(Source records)
▼

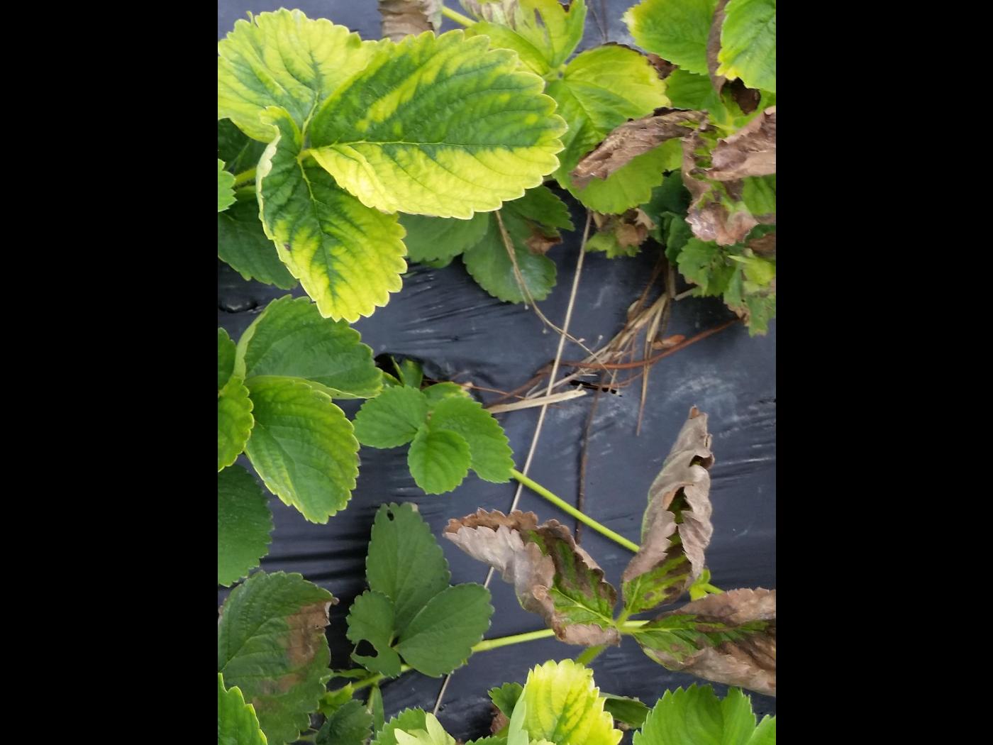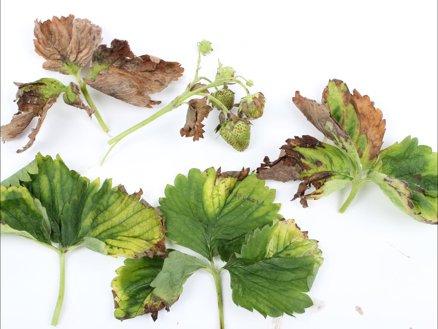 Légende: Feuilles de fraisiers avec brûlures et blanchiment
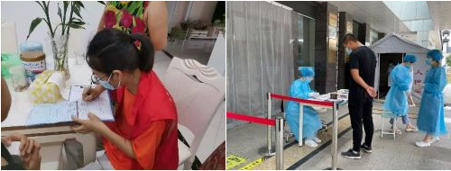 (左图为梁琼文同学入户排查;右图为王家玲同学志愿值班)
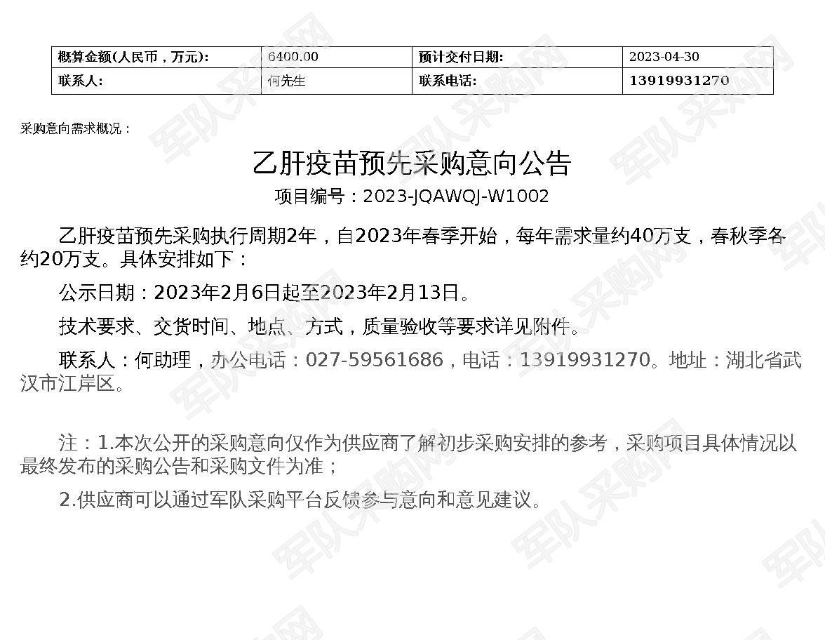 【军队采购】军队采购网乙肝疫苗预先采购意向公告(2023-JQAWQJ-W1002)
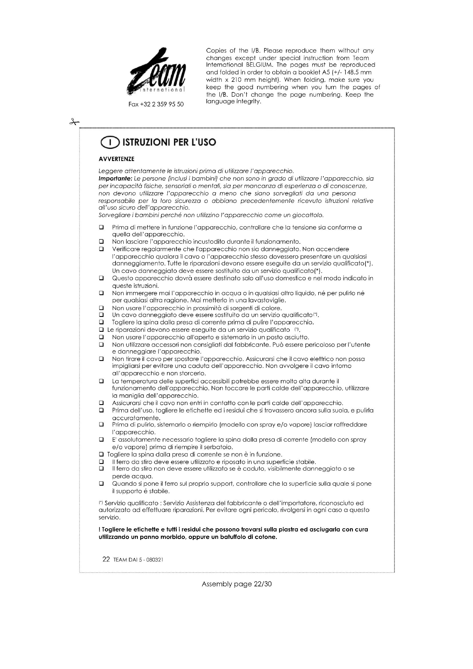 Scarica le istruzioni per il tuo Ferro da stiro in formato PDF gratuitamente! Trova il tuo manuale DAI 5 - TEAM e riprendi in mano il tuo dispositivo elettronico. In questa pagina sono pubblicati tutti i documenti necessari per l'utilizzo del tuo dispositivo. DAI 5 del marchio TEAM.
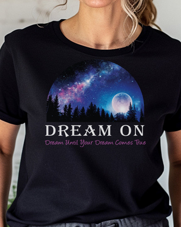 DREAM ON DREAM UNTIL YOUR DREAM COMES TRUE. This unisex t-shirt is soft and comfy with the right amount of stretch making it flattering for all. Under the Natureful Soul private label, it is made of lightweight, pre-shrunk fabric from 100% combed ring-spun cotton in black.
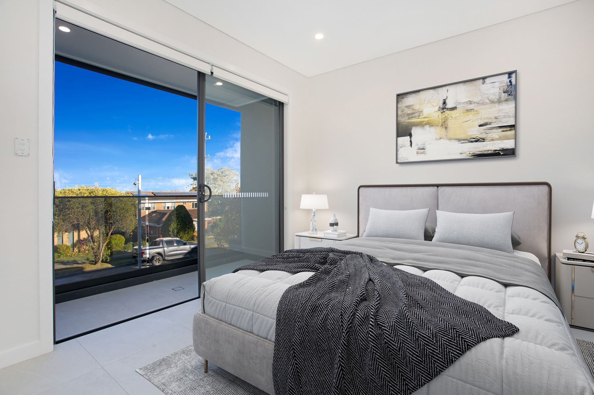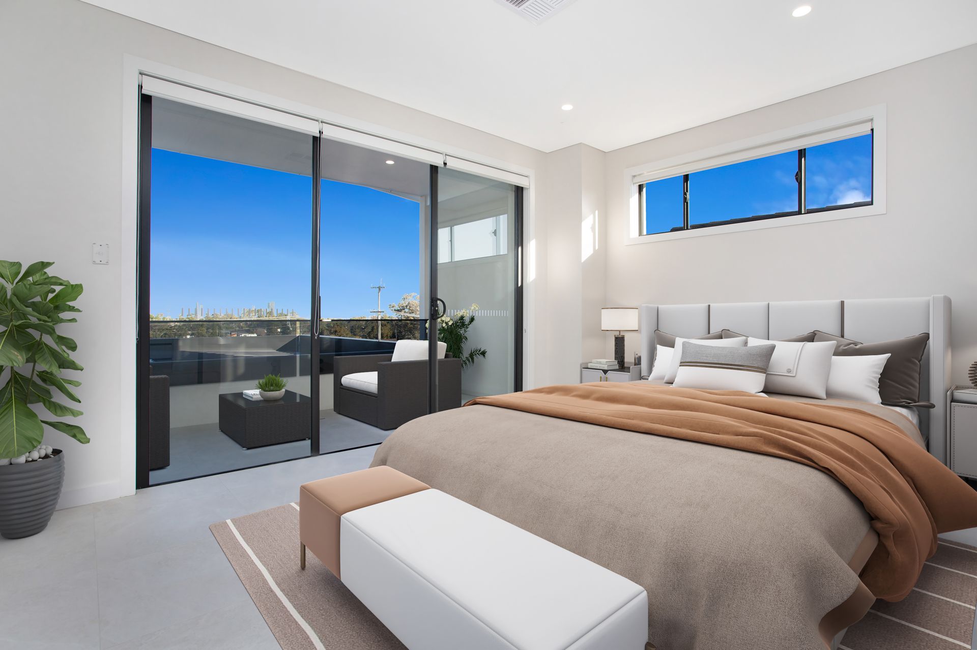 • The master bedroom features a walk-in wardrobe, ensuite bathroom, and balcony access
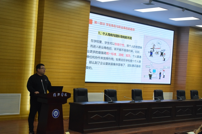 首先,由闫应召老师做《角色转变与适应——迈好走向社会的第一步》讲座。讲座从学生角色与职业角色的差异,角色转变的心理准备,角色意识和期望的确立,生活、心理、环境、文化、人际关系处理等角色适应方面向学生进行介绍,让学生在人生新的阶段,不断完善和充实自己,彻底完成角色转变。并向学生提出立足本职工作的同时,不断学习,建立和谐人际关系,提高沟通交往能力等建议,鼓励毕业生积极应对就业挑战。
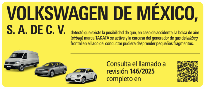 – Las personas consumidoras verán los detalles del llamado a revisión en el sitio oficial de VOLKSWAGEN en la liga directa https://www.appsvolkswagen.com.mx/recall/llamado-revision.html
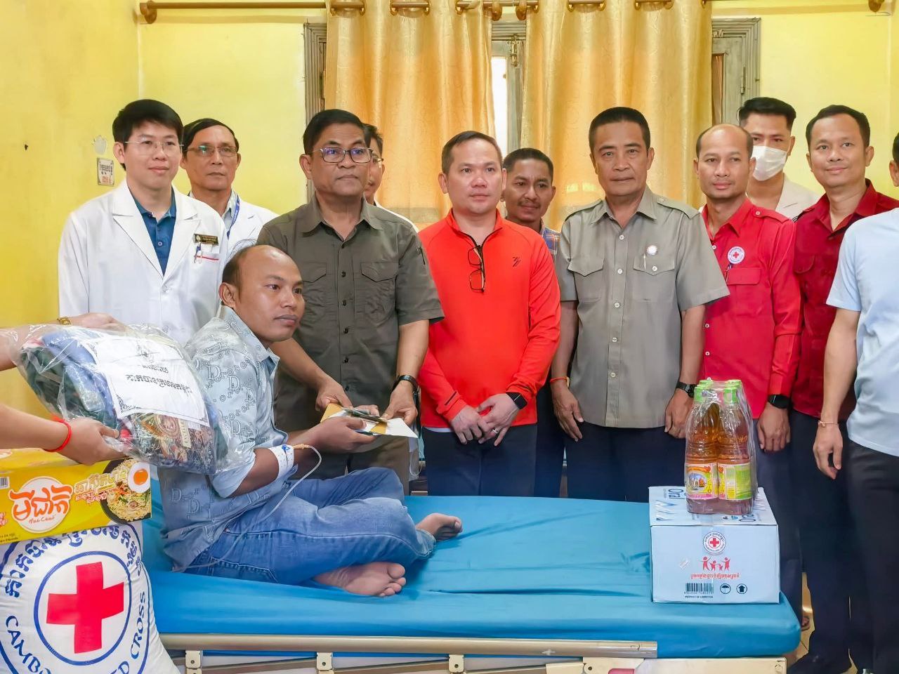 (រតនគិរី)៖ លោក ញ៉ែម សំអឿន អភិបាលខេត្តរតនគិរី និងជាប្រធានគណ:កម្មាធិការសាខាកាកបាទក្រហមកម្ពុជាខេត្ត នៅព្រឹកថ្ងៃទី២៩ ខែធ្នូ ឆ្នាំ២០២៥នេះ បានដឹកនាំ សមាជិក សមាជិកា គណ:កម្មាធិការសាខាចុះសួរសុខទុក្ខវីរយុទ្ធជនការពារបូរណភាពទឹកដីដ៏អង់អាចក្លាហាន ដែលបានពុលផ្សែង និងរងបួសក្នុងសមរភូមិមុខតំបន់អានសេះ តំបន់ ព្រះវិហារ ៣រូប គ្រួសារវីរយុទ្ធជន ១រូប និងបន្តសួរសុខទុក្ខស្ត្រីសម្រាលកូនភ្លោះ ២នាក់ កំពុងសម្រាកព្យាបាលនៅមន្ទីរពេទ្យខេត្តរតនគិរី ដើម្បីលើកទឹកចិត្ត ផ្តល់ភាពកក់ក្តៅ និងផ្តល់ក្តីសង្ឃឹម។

▲

__EXERCISE DIRECTIONS__: All of the entries must be reproduced exactly, apart from the pictures, which are to be dropped.

__SOLUTION FOR THIS TASK__:
 Légende: Feuilles de fraisiers avec brûlures et blanchiment
 (左图为梁琼文同学入户排查;右图为王家玲同学志愿值班)
 【军队采购】军队采购网乙肝疫苗预先采购意向公告(2023-JQAWQJ-W1002)
 Scarica le istruzioni per il tuo Ferro da stiro in formato PDF gratuitamente! Trova il tuo manuale DAI 5 - TEAM e riprendi in mano il tuo dispositivo elettronico. In questa pagina sono pubblicati tutti i documenti necessari per l'utilizzo del tuo dispositivo. DAI 5 del marchio TEAM.
 DREAM ON DREAM UNTIL YOUR DREAM COMES TRUE. This unisex t-shirt is soft and comfy with the right amount of stretch making it flattering for all. Under the Natureful Soul private label, it is made of lightweight, pre-shrunk fabric from 100% combed ring-spun cotton in black.
 • The master bedroom features a walk-in wardrobe, ensuite bathroom, and balcony access
 首先,由闫应召老师做《角色转变与适应——迈好走向社会的第一步》讲座。讲座从学生角色与职业角色的差异,角色转变的心理准备,角色意识和期望的确立,生活、心理、环境、文化、人际关系处理等角色适应方面向学生进行介绍,让学生在人生新的阶段,不断完善和充实自己,彻底完成角色转变。并向学生提出立足本职工作的同时,不断学习,建立和谐人际关系,提高沟通交往能力等建议,鼓励毕业生积极应对就业挑战。
 – Las personas consumidoras verán los detalles del llamado a revisión en el sitio oficial de VOLKSWAGEN en la liga directa https://www.appsvolkswagen.com.mx/recall/llamado-revision.html
 (រតនគិរី)៖ លោក ញ៉ែម សំអឿន អភិបាលខេត្តរតនគិរី និងជាប្រធានគណ:កម្មាធិការសាខាកាកបាទក្រហមកម្ពុជាខេត្ត នៅព្រឹកថ្ងៃទី២៩ ខែធ្នូ ឆ្នាំ២០២៥នេះ បានដឹកនាំ សមាជិក សមាជិកា គណ:កម្មាធិការសាខាចុះសួរសុខទុក្ខវីរយុទ្ធជនការពារបូរណភាពទឹកដីដ៏អង់អាចក្លាហាន ដែលបានពុលផ្សែង និងរងបួសក្នុងសមរភូមិមុខតំបន់អានសេះ តំបន់ ព្រះវិហារ ៣រូប គ្រួសារវីរយុទ្ធជន ១រូប និងបន្តសួរសុខទុក្ខស្ត្រីសម្រាលកូនភ្លោះ ២នាក់ កំពុងសម្រាកព្យាបាលនៅមន្ទីរពេទ្យខេត្តរតនគិរី ដើម្បីលើកទឹកចិត្ត ផ្តល់ភាពកក់ក្តៅ និងផ្តល់ក្តីសង្ឃឹម។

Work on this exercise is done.